In the hallway, I leaned back against the dingy beige wall with nothing to distract me from the growing ache in my chest.
It didn’t take long for the officials to call me back in. All three of the faces waiting for me were solemn.
“Operative Lopez,” Commander Revett said. “We’ve determined that your actions showed no deliberate malice, but a worrisome lack of forethought. For the time being, you are relieved from active duty. You will continue your training and fulfill your debt to the Confederation by assisting with the base cleanup currently underway, until such time as we feel you may be fit to re-enter service in the field.”
She set her hands down on the table with a thump of finality that echoed through my core.
Chapter Twenty-Four
Finn
If there was any balm for having suffered a beating and then total ostracization from one’s friends, helping another person had to be it. Tucked away in my little cubicle in the Media Outreach office, I left behind the strain of the last few days, if only momentarily. It didn’t even matter that the help I was giving was with the most ridiculous things.
“The Records workers are rather strict about access,” I said into the phone. “You won’t get permission to roam freely. But for a request like yours, I’m sure they’d pull the appropriate files and walk you through whatever data they have. I can even call them up myself to give them a heads-up to expect you.”
“Thank you so much,” the guy on the other end said. We’d been chatting for almost half an hour, mostly about mages’ pet-keeping habits. I gathered he was doing some sort of research on how closely folklore about witches’ and wizards’ familiars aligned with real-life magical associations with animals. “It’s a relief having an idea where to start.”
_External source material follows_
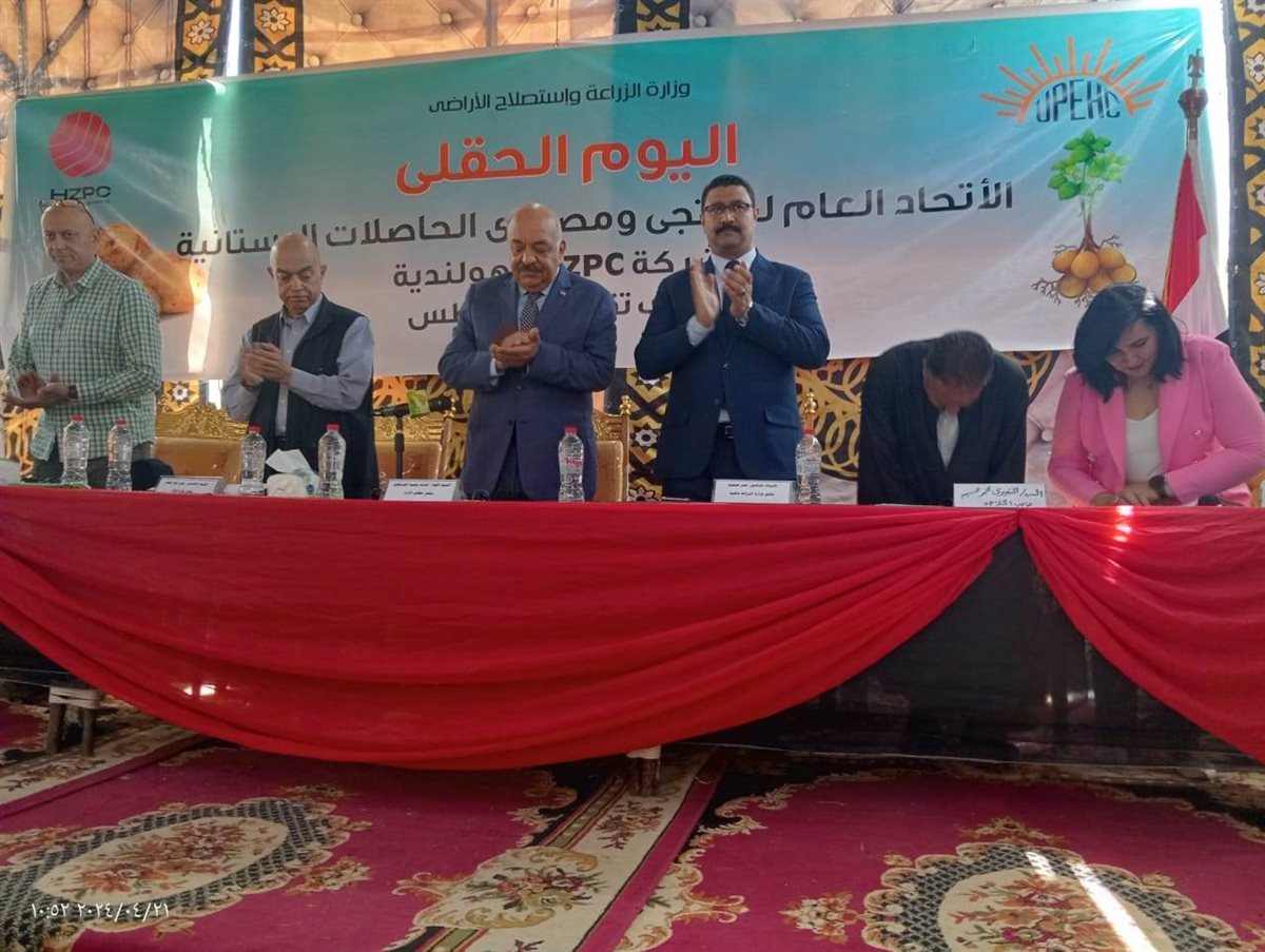 في إطار سعيه الجدي وفي ظل جهوده الخلاقة التي تسهم فى زيادة الإنتاجية وتعظيم الصادرات الزراعية.. أقام الاتحاد العام لمنتجي ومصدري الحاصلات البستانية يوما حقليا بمحافظة المنيا - قرية البرجاية، وذلك بمناسبة حصاد محصول أصناف تقاوي البطاطس المستوردة، والخاصة بالاتحاد وذلك بحضور اللواء أشرف الشرقاوى رئيس مجلس إدارة الاتحاد والمهندس يحيى عبد الغفار حمد مدير عام الاتحاد والدكتور عمر صفوت وكيل وزارة الزراعة بمحافظة المنيا والمهندس محمد نبيل مدير تطوير المنتجات بشركة HZPC الهولندية.

“Just remember I can’t say for certain they’ll have records on that subject,” I said. “But we do seem to keep track of an awful lot of unusual data, so I wouldn’t put it past them. If none of those leads get you anywhere, call in again, and we can brainstorm some more. I’m curious to hear what you discover.”
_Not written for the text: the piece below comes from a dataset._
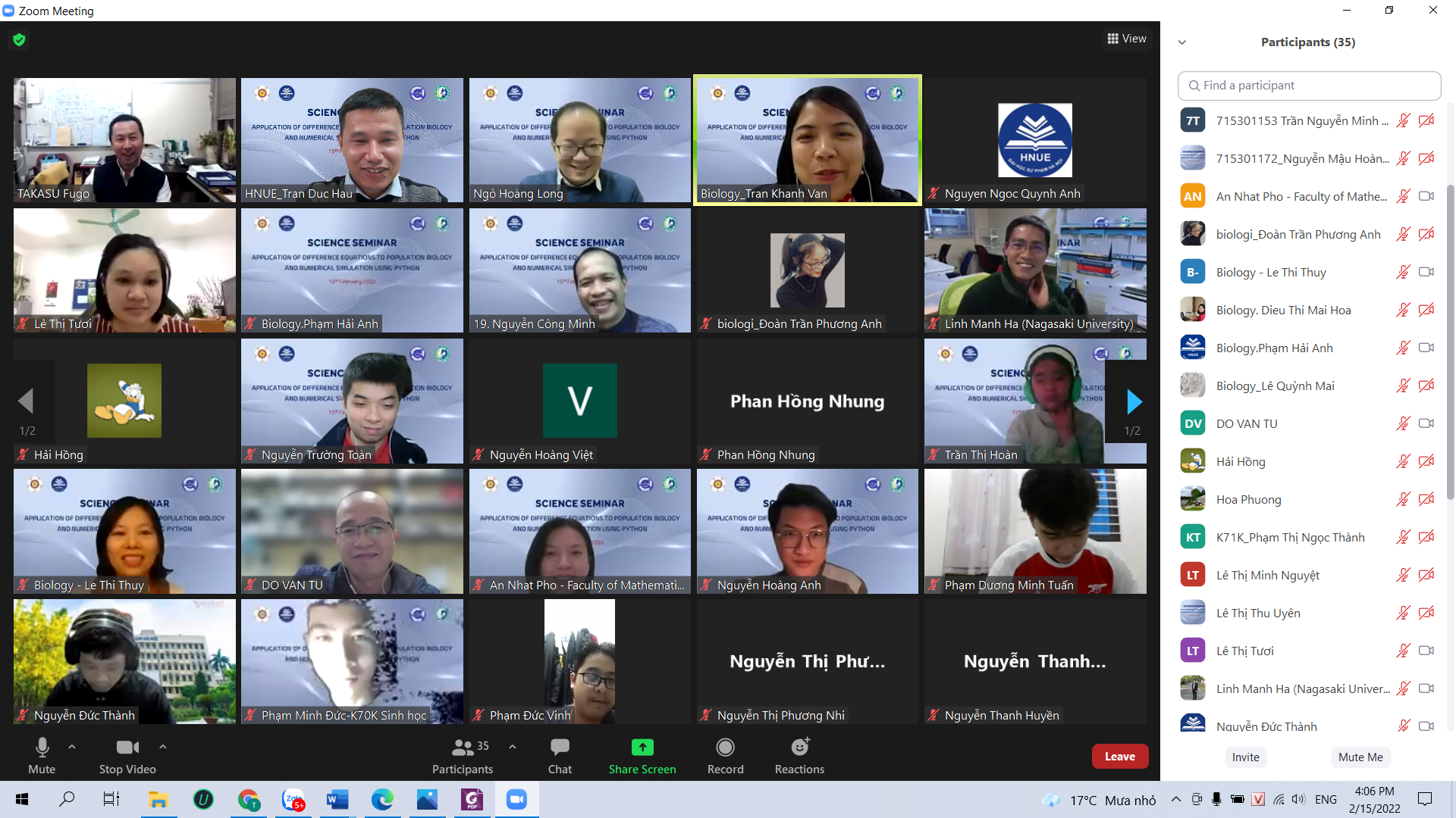 This seminar was organized by a collaboration between the Faculty of Mathematics - Informatics and the Faculty of Biology, Hanoi National University of Education.

“If I get this report written, I’ll send an early copy your way,” the guy said brightly.
As I hung up, my supervisor for my trial placement stopped by my nook.
“It sounded like that went well,” she said. “You really know how to talk to them.”
Her voice dipped slightly on the word “them.” She meant Dulls. They were people, and I talked to them like I talked to any human being. I supposed her discomfort wasn’t much different from the discomfort of the Dulls who were bizarrely comforted by the thought that the mage they were speaking to couldn’t actually cast any magic.